Kamis, 27 Februari 2014

Tentang Seseorang yang Memaafkan Tuhan



Jun Nizami

Tentang Seseorang yang Memaafkan Tuhan


Pada mulanya mungkin memang kata, kemudian
Waktu bercerita...

I

Ada seseorang menghadap pada pagi,
Pada mula hari. Menyambut kabut yang datang,
Memandang sungai yang pergi, seraya bernyanyi,
Tentang hidup, sebagai sebuah melodi
Yang muskil dimengerti:

Kalau saja saya tak ada, Embun, Daun-daun cantigi.
Tuhan, bunga-bunga, tentu tak ada.

Tetapi nyanyi akan berhenti, dan kabut pergi.
Putih yang terhapus. Langit yang misterius.
Lanskap demi lanskap yang tersingkap, dan ia mengerti
Ia takkan pernah mengerti:

Tuhanku, alangkah lengkap, keberadaan dan keabadian
Begini menyekap

Apakah Kun untuk sesuatu yang takkan ada?

II

Tetapi hidup adalah igauan panjang, yang ia pikir, mungkin,
Tak mesti ia mengerti; Bagaimana Tuhan memerintah;
Gugusan bintang yang indah; Bulan yang berputar
Sesuai manzilah; Dan bagaimana manusia pertama,
Yang pasrah –diutus, dari galaksi yang entah.

III

Ia teringat pada sepotong percakapan:

-         Tak ada yang tak mungkin untuk Tuhan, Anak Muda!

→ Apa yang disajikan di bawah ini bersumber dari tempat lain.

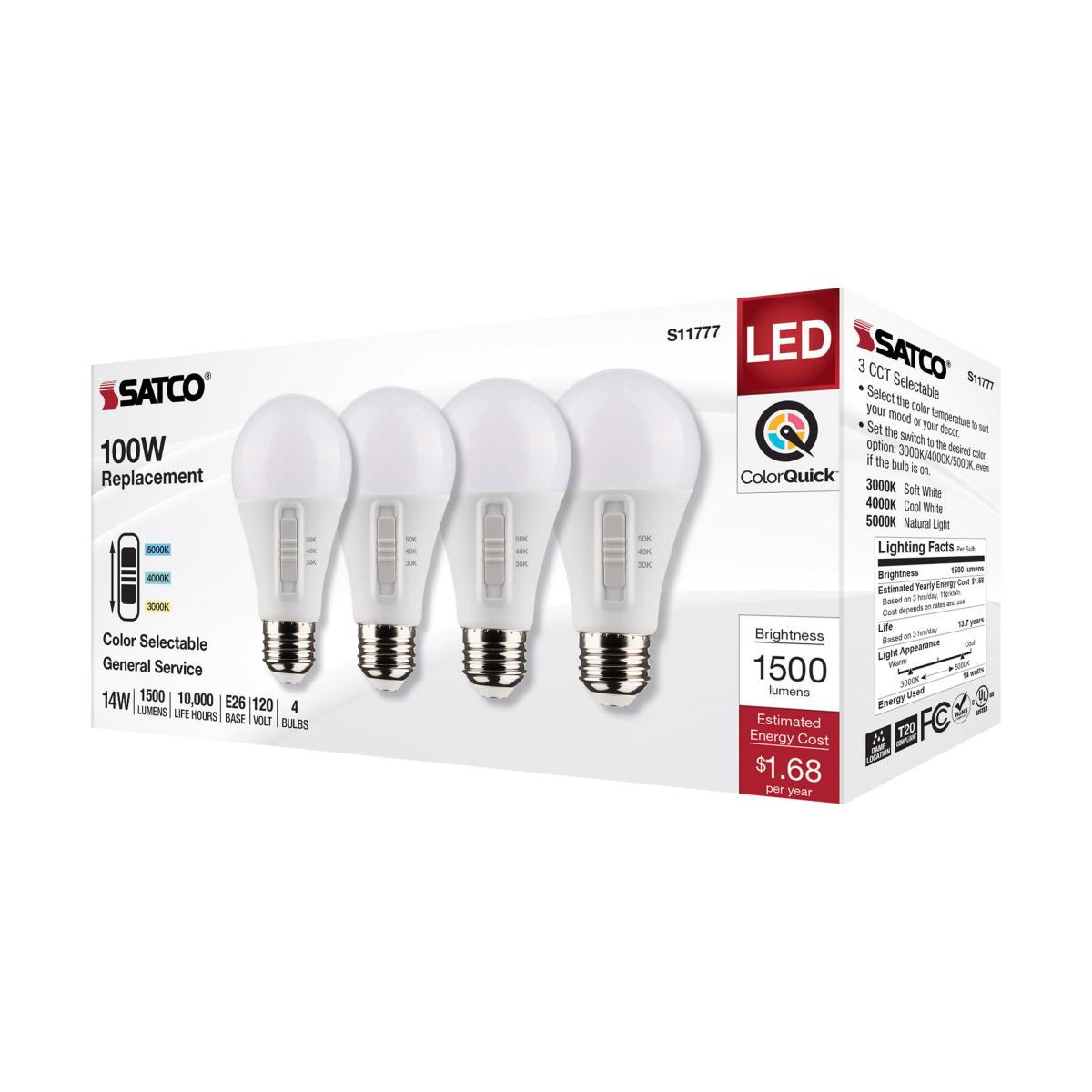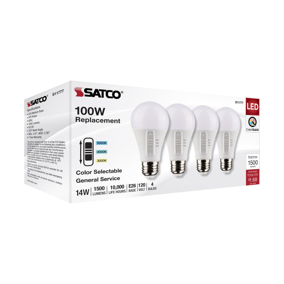 4Pk - Satco 14w A19 LED 120v CCT Selectable 90 CRI White Finish Bulb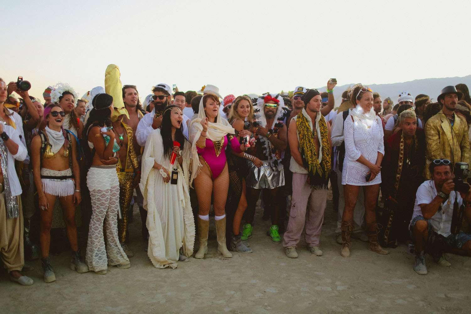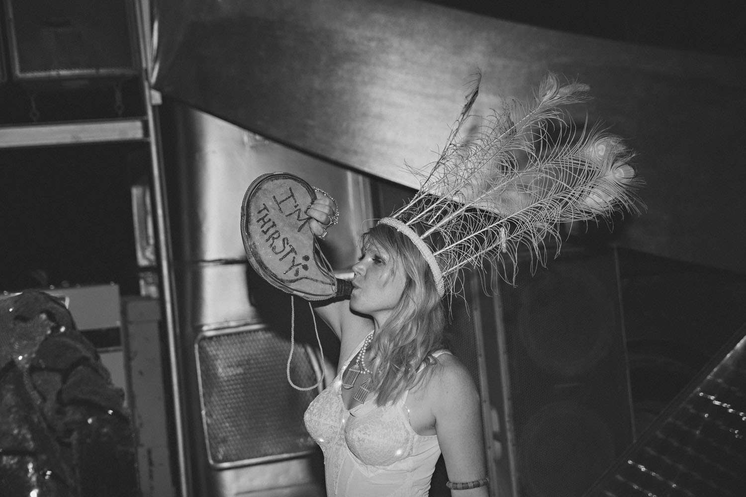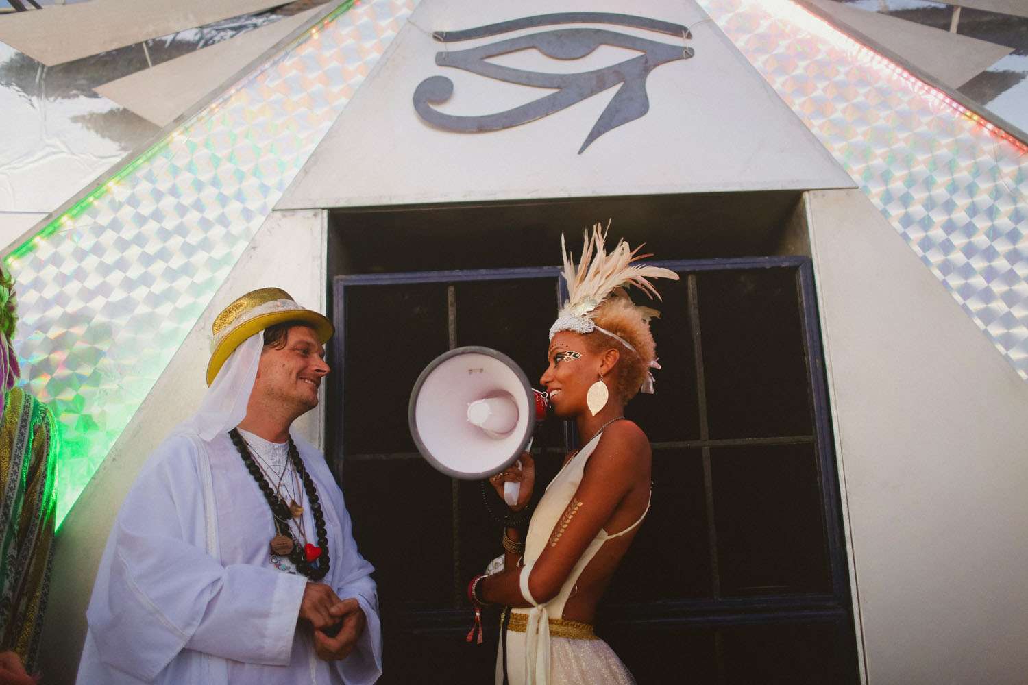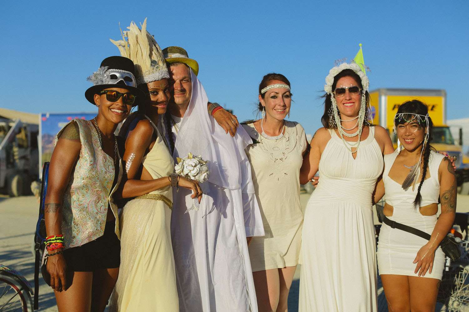 “A big part of getting married at Burning Man is that things happen that you don’t plan for”, the bride concluded. “It’s a completely harsh environment that presents itself with unexpected challenges, even when you think you have planned things well. In our case, our accommodations that were presented to us as a wedding present from very dear friends of ours, turned out to be less than perfect. Long story short our friends, were duped into renting a converted Greyhound bus that had none of the advertised amenities: air conditioning, bathrooms, showers, etc. It basically ended up being a sweat bath plus most of our food for the week going bad within the first few days.”

+        Kita terlanjur ada. Lalu mungkinkah Ia bisa membuat
          Kita jadi tak pernah ada. Tak pernah ada, Pak Tua?

IV

Ya, ia akhirnya jadi teringat juga pada seorang Pak Tua,
Suatu ketika,  dengan sebuah nasihat, yang telah tua pula,

"Tak ada pilihan, selalu, selain memaafkan
Dan berdamai dengan dirimu."

Ia jadi waswas, karena tahu, ada waktu –yang waktu itu
Membuat nasihat-nasihat semacam itu menjadi terasa
Naif lagi lucu.

"Saya kira, Pak Tua," ucapnya, "selalu ada dua
Pilihan yang tersedia: Yang pertama, pilih pilihan yang kedua.
Yang kedua, pilih pilihan yang pertama." Mengejek sebenarnya.

Meski memang, akhirnya, bertahun-tahun kemudian,
Ia (barangkali terpaksa) percaya, berkata,

"Telah kuterima diriku, sebagaimana daun-daun
Menerima embun. Jendela menerima pagi. Telah kuterima
keberadaanku: Kutukan. Telah kumaafkan Tuhan."

V

Tetapi segalanya akan berhenti, dan kabut pergi.
Putih yang terhapus. Langit yang misterius.
Lanskap demi lanskap yang tersingkap, dan ia mengerti
Ia takkan pernah mengerti:

Tetapi selalu terdengar seseorang berseru
Dari dalam tubuhku, seperti dalam Matius,
Dari luka-luka Kristus:

Tuhanku, Tuhanku, kenapa Kamu mempermainkanku?